An introduction  

Totaltruth 41M
2 posts
10/2/2005 2:11 pm

Last Read:
3/5/2006 9:27 pm

An introduction


Well I guess an introduction is in order...I am a 30 year old white male who is looking for....well you know, I'm not sure what it is I am looking for. Maybe I will figure it out...maybe I can learn from you..

I know the typical answer should be, "...a woman that will love me, and cherish me, blah blah blah." But it seems now a days that that sounds good on paper, but with no basis in reality unless someone yells "Cut!" at the end. I have wanted to be married since I was old enough to comprehend the concept. I have probably had the opportunity a time or two, but the whole "think for myself" thing has always gotten in the way. So therein lies my dilemma....I have loved before, but have always been held back by the fantasial belief that one day I will find my soulmate.

But, as I have said before, I tend to think outside the box, and have some "different" views on subjects that is normally accepted.
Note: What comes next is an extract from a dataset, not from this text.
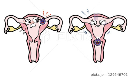子宮内膜症や子宮筋腫ができた子宮のキャラクターイラスト

Now I am not talking any crazy off the wall shit, but more of a free will kind of thing. One of those things happens to be sex and relationships, but you probably have guessed that one, being a male and on this site...lol.

Most men are perceived as being, 24/7 horny, mindless beasts that only are interested in getting off, and for the most part, its true. But I have reached a point in my life that its starting to not be all about me, and the desire to see my partner have a good time is becoming more and more of a priority. Some will say its growing up, and others will say I'm just trying to play the "good guy until I get laid" card...who knows...because I damn sure don't. But this is more for me than anyone, so I suppose like it or bite it...either way works. If I hapen to meet some like minded people from those that read this, then all the better, as a good friend is always a welcome asset.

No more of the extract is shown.